The television reporter followed me out into the street.
"You and your big head were blocking two cameras!" she fumed. I gave her my widest "I don't care" smile and entered into a brief conversation that quickly devolved into a mutual exchange of obscenities.
Now, I didn't mind being cursed out by a TV reporter — TV reporters are the lowest, rudest people on earth; their cameramen would just as soon club you to the ground with their 20-pound battery packs as ask you to step aside. I was glad I blocked two cameras.
But the "big head" comment really hurt — as the most painful insults always do — because it is true. I've got an enormous head. Always have. "I had to give birth to that head," my mother said, on too many occasions, never completing the thought because nothing further need be said. Nobody follows up, "I climbed Mt. Everest" with "quite a feat since it is really tall, you know." The listener is expected to understand.
My head stands out in school pictures, as if a character greeting patrons at Disneyland had slipped in among the normal-headed children.
I try not to think about huge-headedness. But there are always reminders. The recent redesign of the Sun-Times features section, lovely in every other respect, abandoned my suave "I've got a regular head" column photo for the above Wizard-of-Oz-like orb.
Or hats. I used to buy normal hats and try to stretch them out. But that was torture — I could feel the headband squeeze every time I moved my jaw. So now I limit myself to Kangol caps, which come in XXL.
"They also make XXXL sizes," said Edwin Urrutia, manager of Hats Plus on Irving Park Road, who confirmed my suspicions that we melon-heads are a forgotten lot.
"Most companies don't even go up to an 8," he said, noting that many broad-pated customers find his store only after being turned away elsewhere.
"I've had customers look all over the place — many stores won't even go as far as extra large," Urrutia said, noting that, as an extra large himself, he knows first hand the pain of trying to find a nice topper.
"You see a product you like, but they don't even have it in your size. You spend 20 minutes waiting. It's frustrating," he said.
His pet peeve is baseball caps, which, rather than recognizing the rights of the Brobdingnagian-beaned to boost their teams, instead seem to be shrinking.
"Fitted baseball caps used to go up to a size 8. Now they only go as far as a 7 3/4," he said. And forget those adjustable caps.
"One size fits all is actually one size fits most," said Urrutia, who keeps a waiting list of customers to be called when certain styles of hat arrive in the jumbo sizes.
Richard Alcala, of Alcala's Western Wear on Chicago Avenue, said keeping the largest hats around the store costs a lot of money in inventory, and many stores don't bother, since just one customer in 50 has truly gigantic noggin.
"We have a hatmaker in Texas who can make a size 9," he said, with a certain pride. "Most people stop at 7 1/2."
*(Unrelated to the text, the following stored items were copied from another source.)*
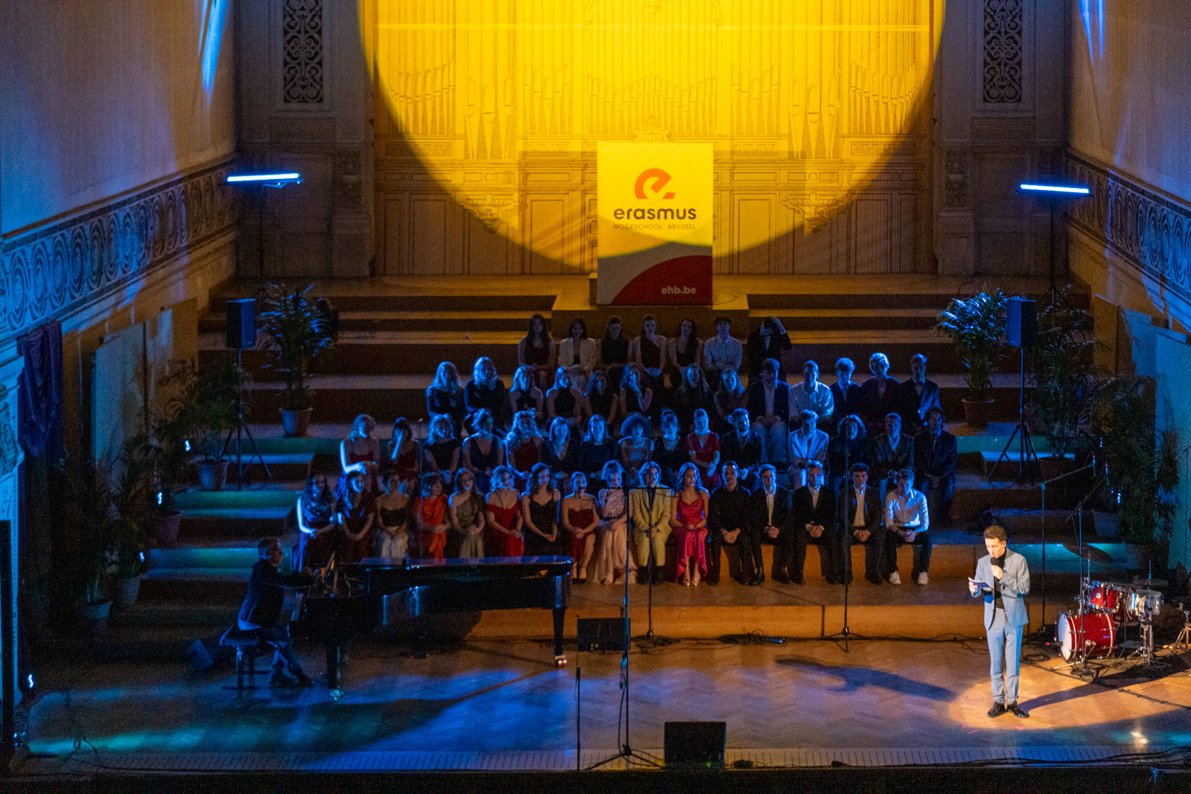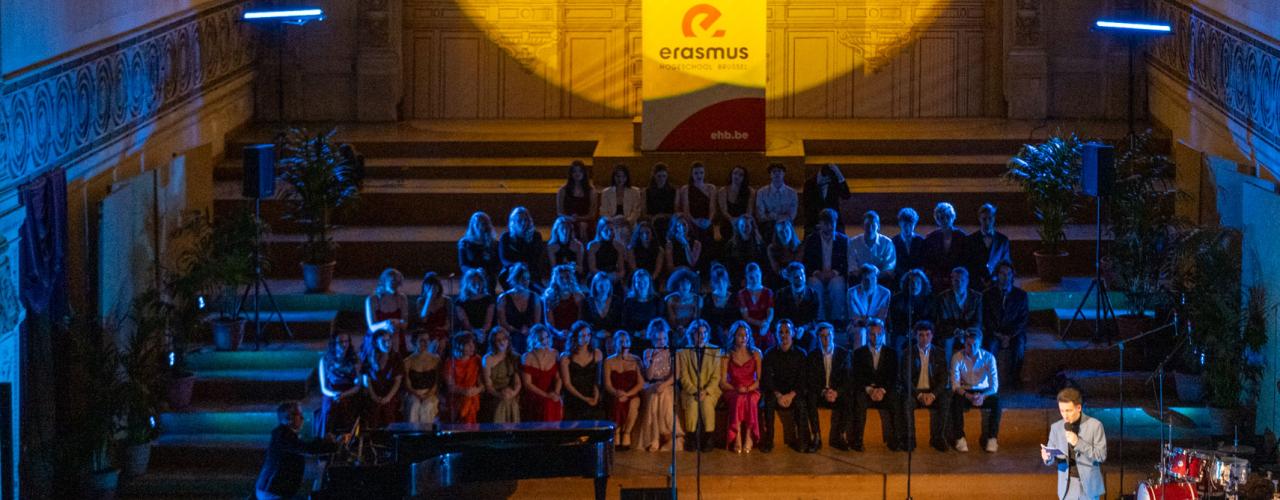 Despite the cold temperatures, it was a warm evening thanks to the performances by the KCB-EhB students, the speech by the general director, Dennis Cluydts, and all this gracefully tied together thanks to our host and Master Musical student, Ian Schelfaut.
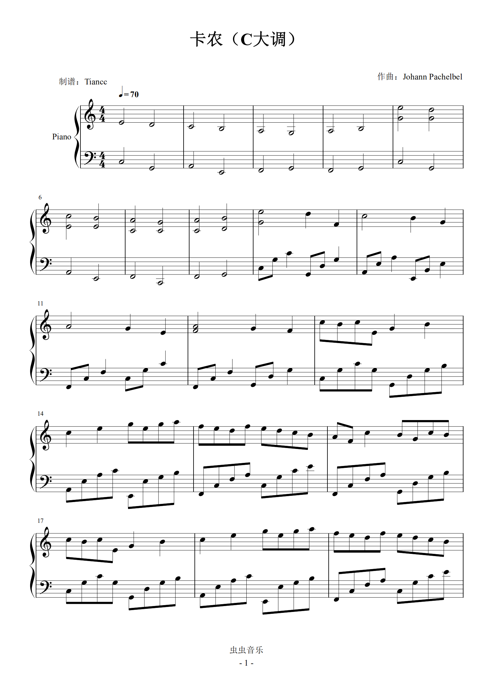 《卡农c大调》完美可弹优化版,599学完难度钢琴谱-虫虫钢琴
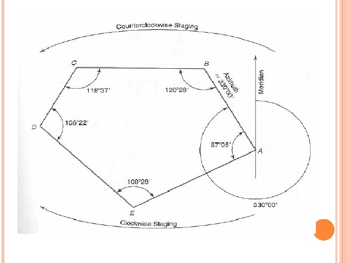 AZIMUTH COMPUTATION When computations are to proceed around the traverse in a clockwise direction, subtract the interior angle from the back azimuth of the previous course. When computations are to proceed around the traverse in a counter-clockwise direction, add the interior angle to the back azimuth of the previous course.
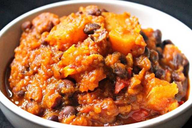 3 càs huile d’olive, 3 oignons moyens hachés, 1 càs poudre Chili, 1 càs cumin en poudre, 0,25 càt poivre de Cayenne, 2 poivrons découpés en dés, 3 gousses d’ail, 1kg de tomates découpées en morceaux, 250mL d’eau, 500g de haricots rouges cuits et rincés, 500g de haricots noirs cuits et rincés, 350g de maïs en grains, 70g de bulgur (blé concassé), sel et poivre, coriandre verte.
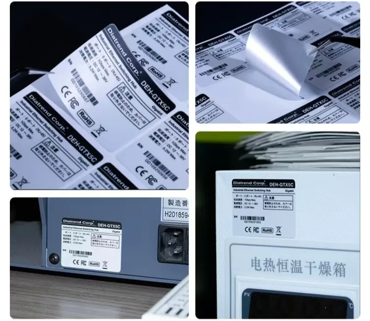 PET पांढरा/मॅट सिल्व्हर: 150℃ पर्यंत उष्णता-प्रतिरोधक, घरगुती उपकरणे आणि पॉवर अडॅप्टरवरील नेमप्लेट्ससाठी योग्य.

For some reason — chauvinism, I suppose — I assumed Mardi Gras float heads were a male problem, but Alcala finds both sexes are afflicted.
"This is definitely not confined to men. A lot of them are women," he said. "Hair is a factor, but not only hair. It's not unusual to get a woman in here with a really large head. Of course they don't like to admit it. Who does?"
Not me. Though I'd would have guessed that women wouldn't mind much. Big-headedness is a central element of being cute, is it not? Think of Charlie Brown, Hello Kitty, baby ducks, etc. All with big heads, proportionally.
Men don't want to be cute, however. They want to be rugged, handsome, regular-headed. And here I can offer a bit of comfort from the highest authority: Roger Ebert, who once claimed on his television show that movie stars tend to have these really large heads.
He showed a clip of Clint Eastwood standing with a crowd of people on a courthouse stairway. Clint was a few steps behind the crowd, Ebert pointed out, so his head should have seemed smallest. Yet it loomed above those tiny-headed people around him, demanding attention, creating a focal point for the star.
So maybe there's an upside to this. Maybe, as a column brand image, my nearly size-8 head will work to my advantage. It's about time.